Selon elle, les députés qui y sont nommés n’avaient pas sciemment l’intention de trahir le Canada.

Elle a soutenu qu’un ancien député anonyme accusé dans le rapport d’avoir partagé de manière proactive des informations privilégiées avec un agent étranger devrait faire l’objet d’une enquête approfondie de la part des autorités.

Le chef du NPD, Jagmeet Singh, et le chef du Bloc québécois, Yves-François Blanchet, ont également signalé leur désir d’être informés du rapport complet de l’organisme de surveillance du renseignement.

M. Singh devait voir le rapport non censuré mercredi soir et il le commentera jeudi.

Il a assuré que si le document montrait qu’un député néo-démocrate avait sciemment participé à une ingérence, il serait expulsé du caucus. Il a suggéré aux autres chefs de parti d’adopter la même approche.

Lorsqu’on lui a demandé s’il utiliserait son privilège parlementaire pour divulguer l’intégralité des conclusions du rapport à la Chambre des communes, M. Singh a répondu mercredi qu’il ne ferait « rien qui puisse mettre en danger la sécurité nationale ».

De son côté, le chef du Parti conservateur, Pierre Poilievre, n’a pas pris de mesure pour obtenir l’habilitation de sécurité nécessaire pour lire le rapport complet.

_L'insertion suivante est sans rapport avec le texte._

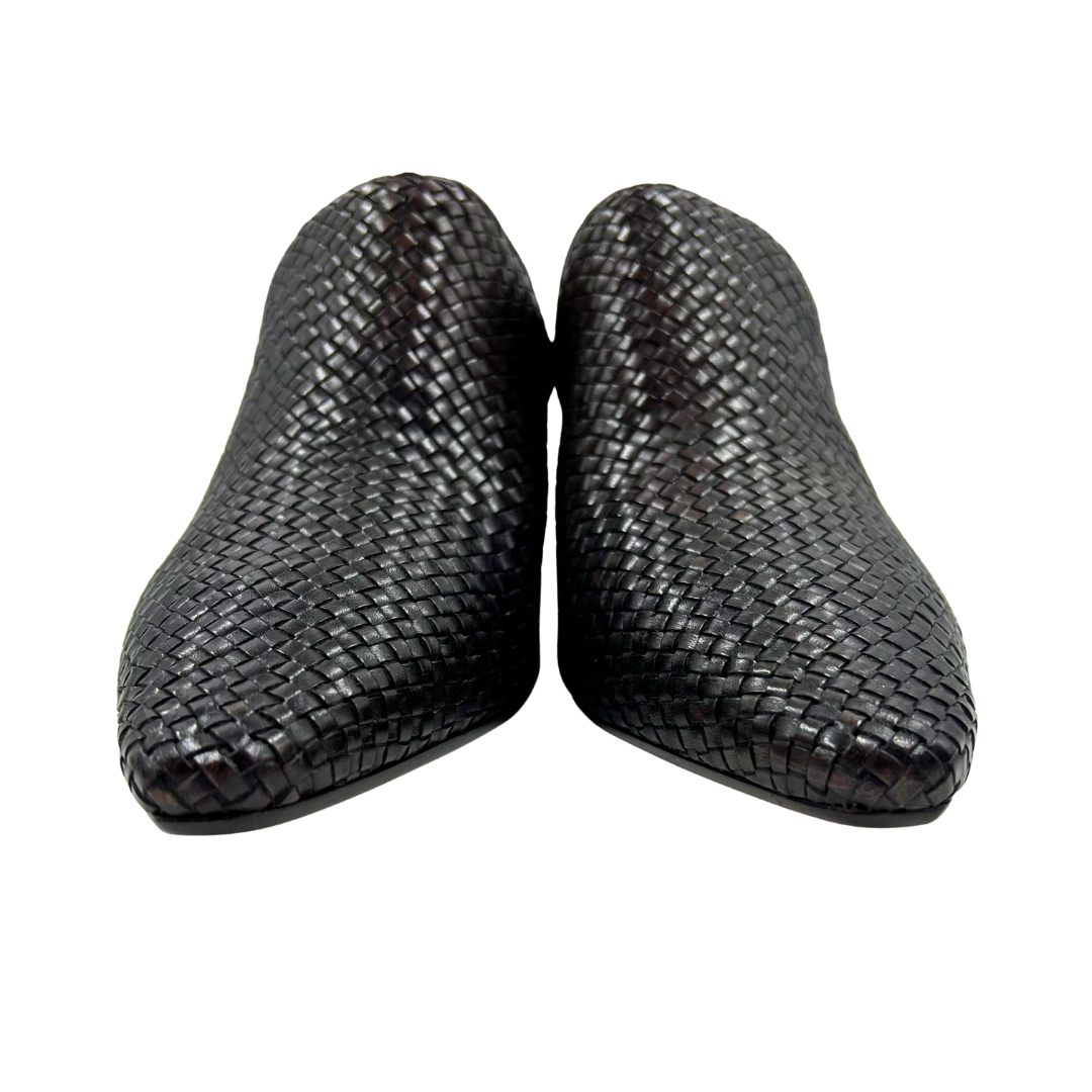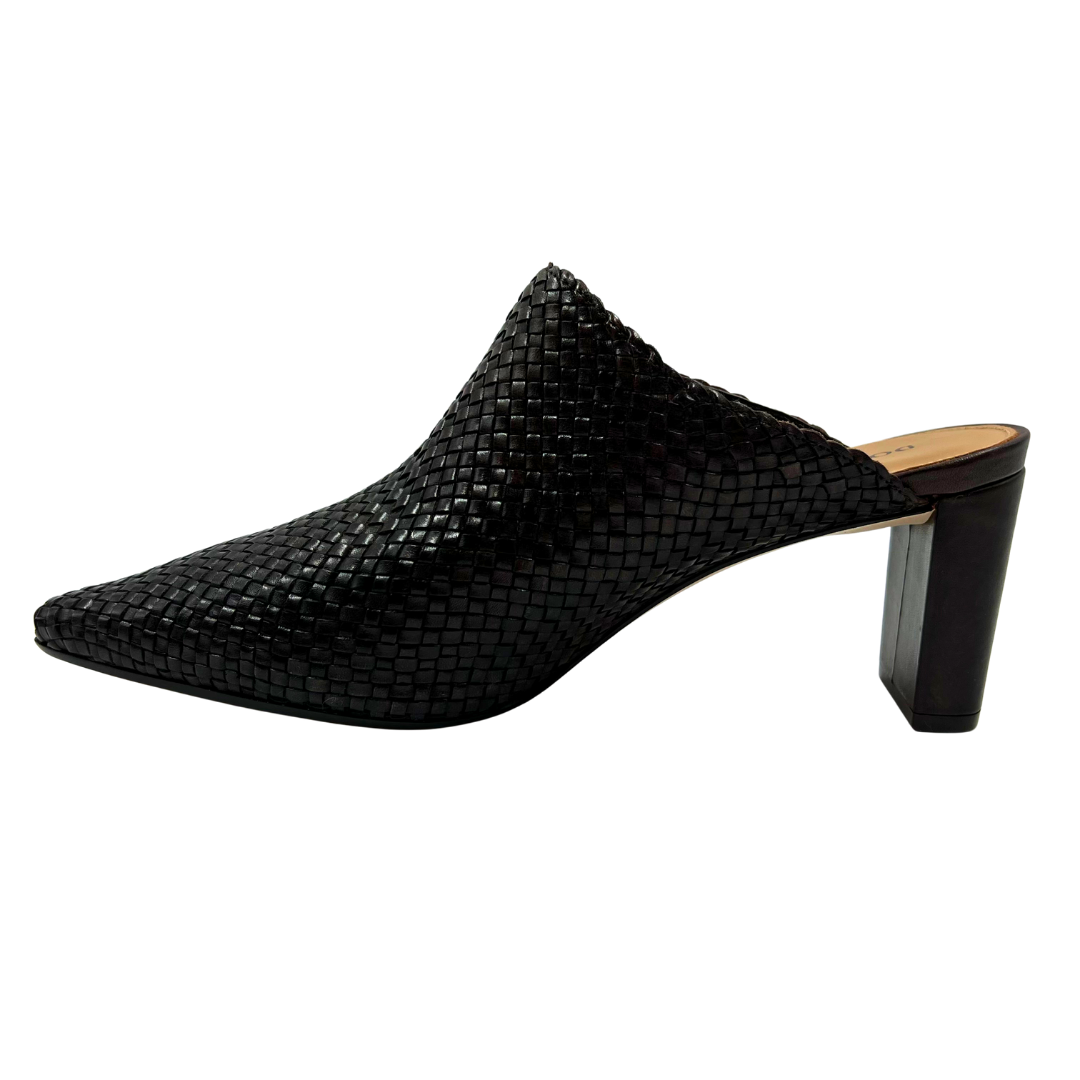 Elegant brown woven leather mules by Donald Pliner, showcasing an almond toe and comfortable heel. The slip-on design offers effortless style without sacrificing sophistication.
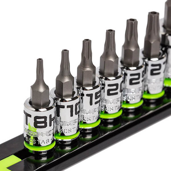 | Introducing the GRIPEDGE 10-PC Tamper Proof Star Driver Set with Rounding Prevention Technology (R.P.T.). Designed to replace standard tools, these precision-machined S2 steel bits offer up to 50% more prevention torque on good fasteners and up to 400% more torque on damaged fasteners. The patented bi-directional geometry prevents rounding and allows for the removal of compromised fasteners, which can be re-used if needed. Each bit features oversized, roll-stamped, and ink-filled size markings for easy visibility and is coated for corrosion resistance. The set includes sizes from T8H to T50H, ideal for most automotive applications, and comes on a premium aluminum socket rail. |

Alors qu’ils se réunissaient mercredi pour leur réunion hebdomadaire du caucus, les députés conservateurs ne se sont pas arrêtés pour répondre aux questions des journalistes à ce sujet.

Le député libéral David McGuinty, qui préside l’organe de surveillance des activités d’espionnage composé de parlementaires, a déclaré que la sécurité nationale et le renseignement ne devraient pas être une question partisane.

« Nous devrions avoir une conversation entre adultes sur la manière dont nous pouvons gérer cela dans nos propres partis. Les enjeux sont énormes. Notre démocratie est en jeu », a-t-il lancé.